Exercise description: Output each line exactly as written, from the first line of the records to the line bearing "Size 7½ Bright", inclusive, while leaving every picture out.

Material for this exercise:
++++++++++

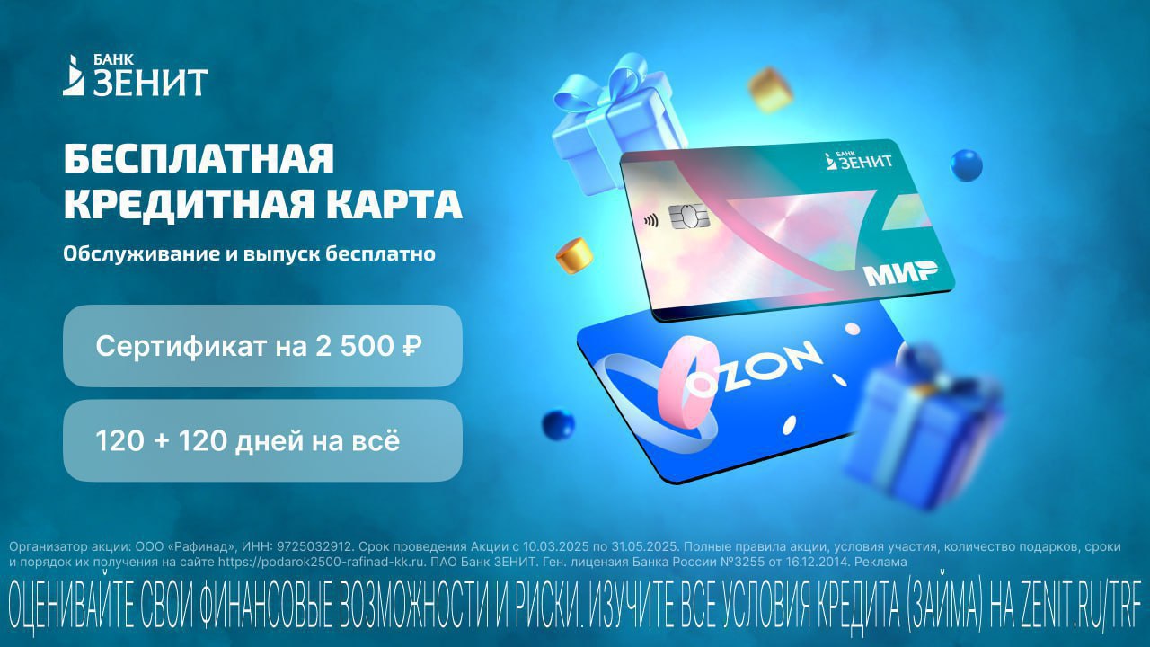 2500 руб. в OZON за бесплатную кредитную карту "120+120 ДНЕЙ НА ВСЁ" от Банка ЗЕНИТ. Кредитка для покупок в супермаркетах.
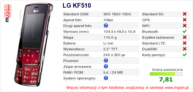 Dane telefonu LG KF510 na Twojej stronie
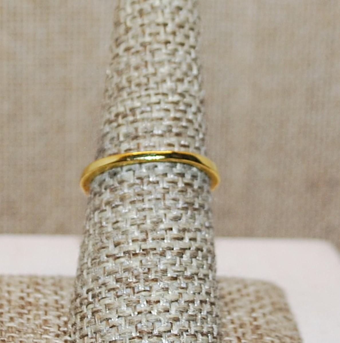 Size 7½ Bright Round Emerald GREEN 4 Prong Stone Ring on a Bright Gold Tone Band (1.8g)
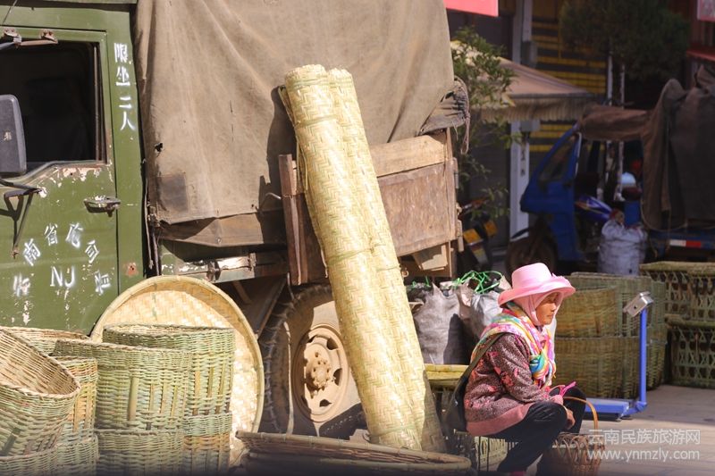 現(xiàn)在買(mǎi)篾編的地方屬于街頭,是姚關(guān)街交通最方便的地方,也許是一種情懷,鼓勵(lì)傳統(tǒng)手工藝的傳承與發(fā)展,也許是一種人道主義,考慮到從事這份瀕臨職業(yè)老匠人年齡的問(wèn)題,伴隨新集鎮(zhèn)的開(kāi)發(fā)就一直在這里,將近20年了。曾經(jīng)這些篾編屬于農(nóng)耕社會(huì)的“緊俏”物資,老匠人很吃香,是他們奠定了姚關(guān)街的繁榮,屬于三朝元老。印象中,“賣(mài)籃子處”,在姚關(guān)程家巷,一個(gè)青石板鋪砌狹長(zhǎng)的小道,平緩的坡徐徐而上,每逢街天,篾編街熱鬧非凡,密密匝匝的擺滿(mǎn)了各種當(dāng)?shù)氐氖止に?,籃子、簸箕、糞箕、篾鼓凳、攤笆、草席、草鞋、犁頭、鋤把等,應(yīng)有盡有,攬盡了老百姓平時(shí)農(nóng)業(yè)生產(chǎn)當(dāng)中所需的東西,是包羅萬(wàn)象的“農(nóng)民街”,一直延伸到鄉(xiāng)政府門(mén)口。人流熙熙攘攘,有匠人自己賣(mài)的,也有生意人倒過(guò)來(lái)賣(mài)的,買(mǎi)賣(mài)之間在相互砍價(jià),磨盡口舌,只為彼此三分盈利,念著便宜是砍下來(lái)的生意經(jīng);而匠人們有嚴(yán)格的職業(yè)操守,“行有行規(guī)”一般都遵從“一分錢(qián)一分貨”的原則,價(jià)格不合適不買(mǎi)賣(mài),生意不成人情在。姚關(guān)街是南片集市的交易中心,匯集了來(lái)自四面八方其它鄉(xiāng)鎮(zhèn)的買(mǎi)賣(mài)人,各自在這里“割據(jù)”到了“地盤(pán)”,王家巷是布朗人在這里賣(mài)山貨,汪家倉(cāng)庫(kù)這邊是施甸下截壩子來(lái)賣(mài)菜,十字街是賣(mài)糧油食品和一些干貨特產(chǎn),老郵政所巷口蔣家寨的水庫(kù)魚(yú)和山邑小魚(yú)在爭(zhēng)相輝映;一到街天,趕轉(zhuǎn)街的流動(dòng)商販攤位順著青石板街道成“雙龍出海”的陣勢(shì),外省人的補(bǔ)鞋機(jī)在搖得吱吱響,兩角錢(qián)一碗的豆粉鋪爆滿(mǎn),劃了一托盤(pán)兒又一托盤(pán)兒,湯圓店里熱氣騰騰,圍著那些遠(yuǎn)道而來(lái)的趕街人,發(fā)廊里那些愛(ài)美的少男少女在排著隊(duì)… …接踵而至的街人背著籃子,挨肩擦背、足跡相疊,潮水一般… …“天還不亮就出發(fā),趕到太陽(yáng)落山才回家”的盛況譜寫(xiě)了姚關(guān)街一度的繁華。
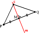 die middelloodlijn. Dan geldt: • PM = QM (M was immers het midden van PQ) • SM is een zijde van driehoek PSM, en ook van driehoek QSM • ∠PMS = ∠QMS = 90º Maar daaruit volgt dat de driehoeken PSM en QSM congruent zijn (zijde-hoek-zijde) |
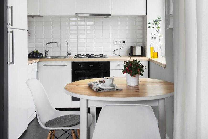 Меньшие плитки лучше для малых кухонь. Они могут быть квадратными или прямоугольными моделями. Этот выбор уже зависит от общего стиля кухни. Чтобы немного увеличить комнату, стоит выбрать блестящую плитку или с зеркальные элементы. Мозаика для фартука тоже будет хорошо смотреться.
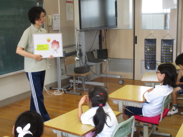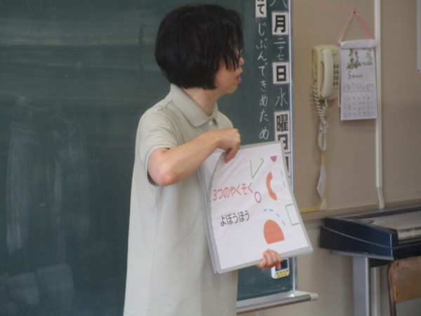 身体測定を実施する前には、養護教諭の藤巻先生からの保健指導が行われました。
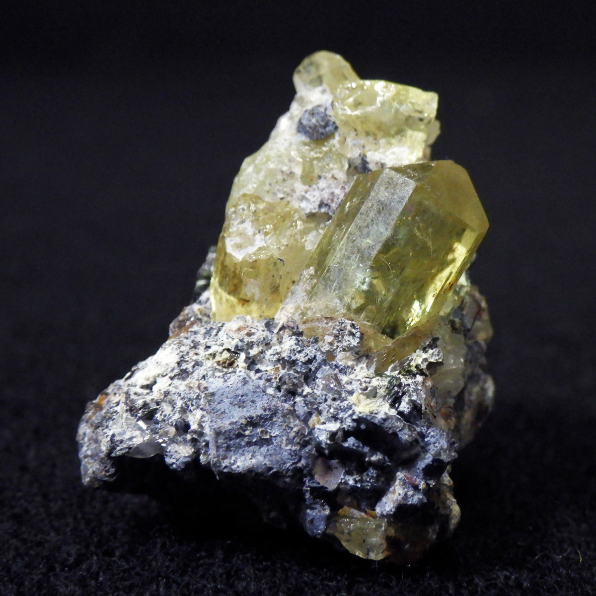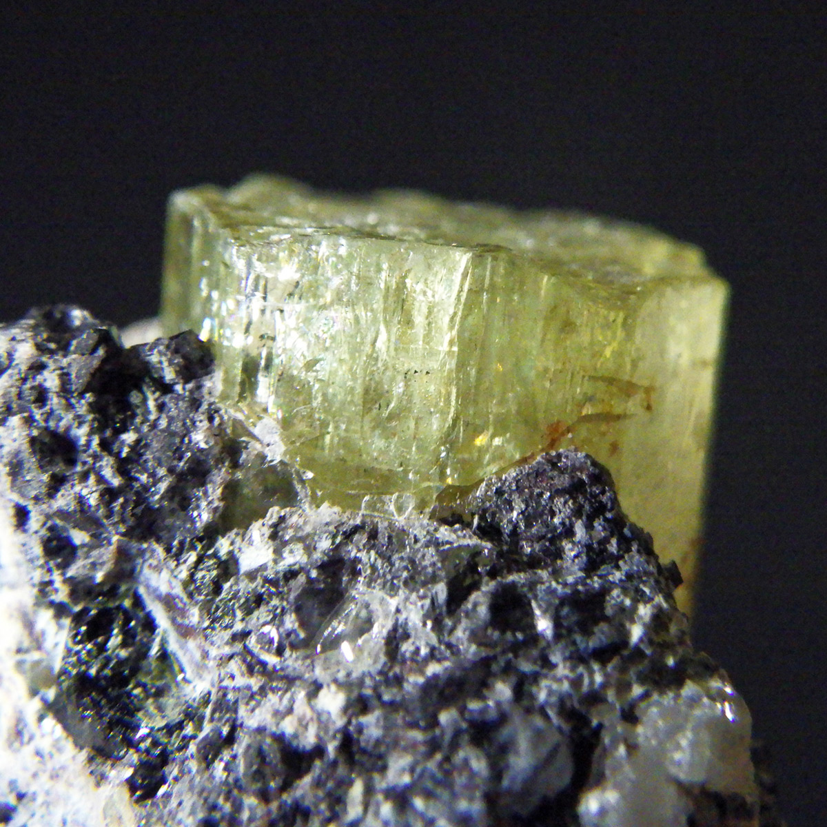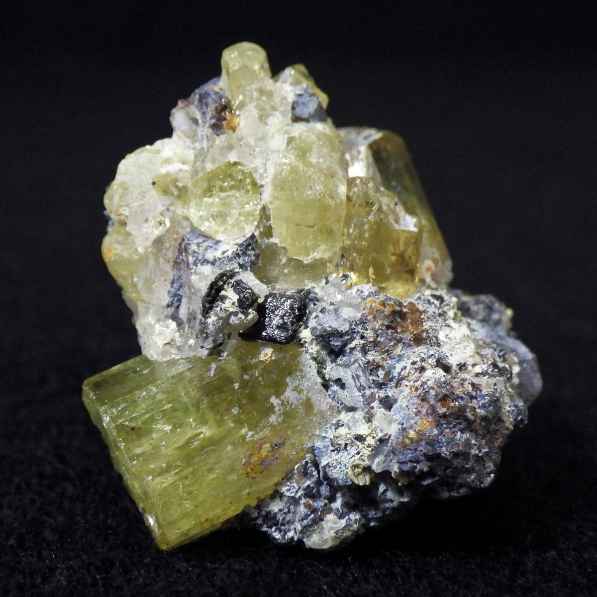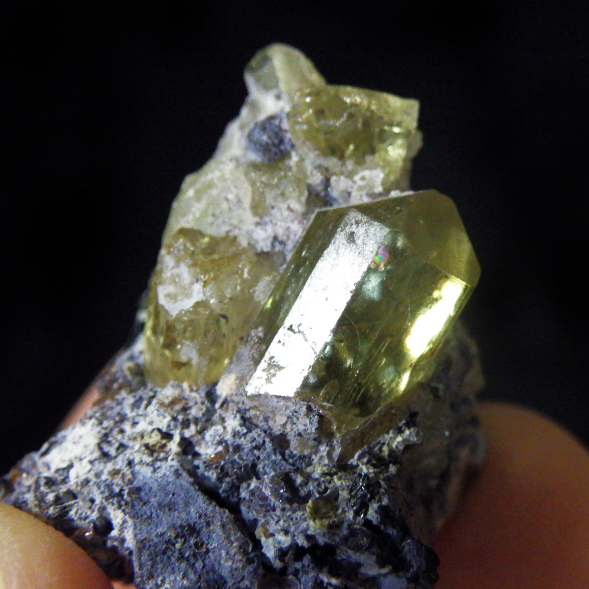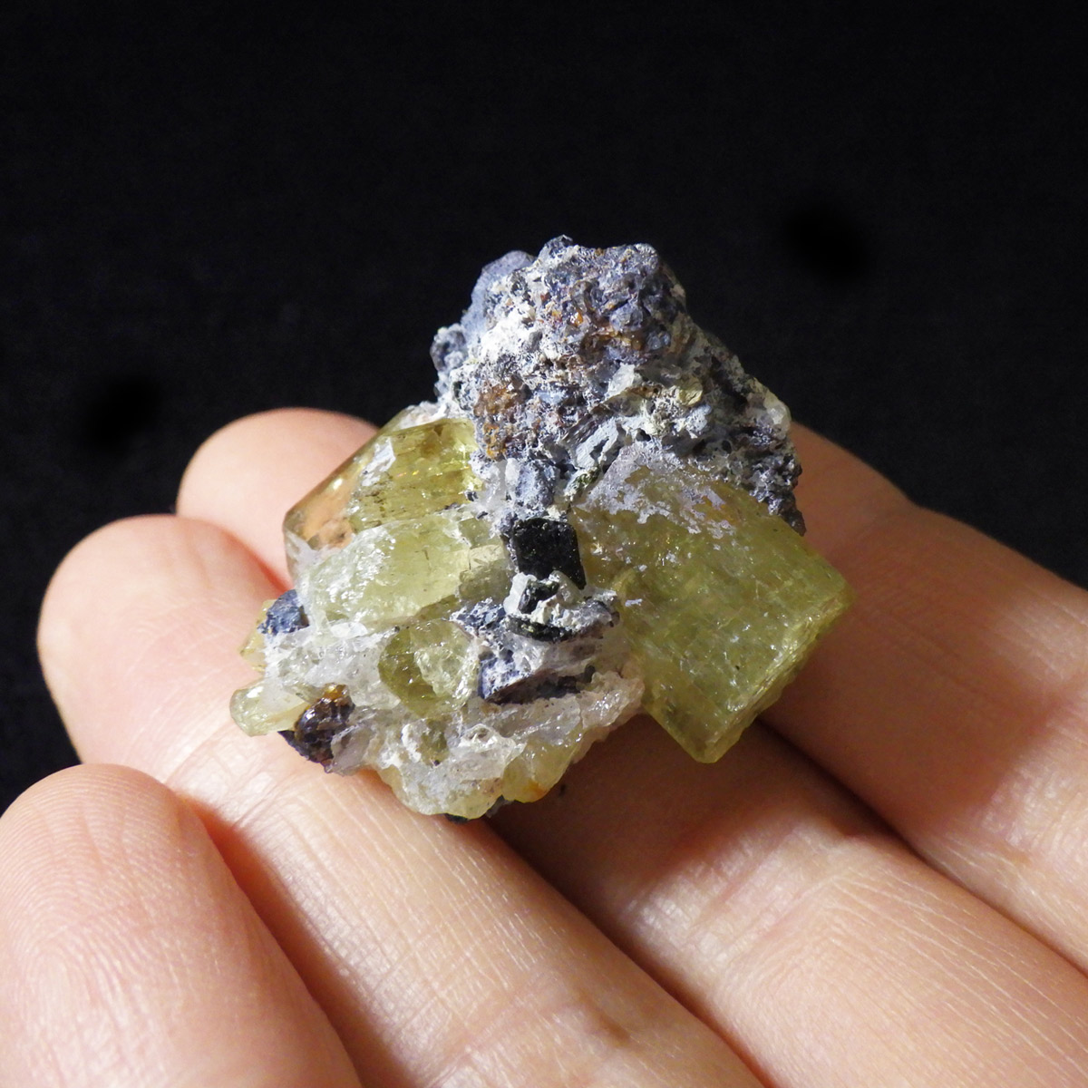 メキシコ産イエローアパタイトの母岩付き結晶原石です。 非常に透明度の高い、イエローグリーンの六角柱や六角板がキラキラと、大変美しく魅了されます。 角度によってはキラりとレインボーが輝き、とても高品質で貴重な一点です。 透明度の高い綺麗な結晶を持つため、宝石としても使用されます。 ミネラルの中でも、最もマイナスイオンを発することから、「究極の癒し系パワーストーン」と言われています。

++++++++++

Task output:
 2500 руб. в OZON за бесплатную кредитную карту "120+120 ДНЕЙ НА ВСЁ" от Банка ЗЕНИТ. Кредитка для покупок в супермаркетах.
 Dane telefonu LG KF510 na Twojej stronie
 Size 7½ Bright Round Emerald GREEN 4 Prong Stone Ring on a Bright Gold Tone Band (1.8g)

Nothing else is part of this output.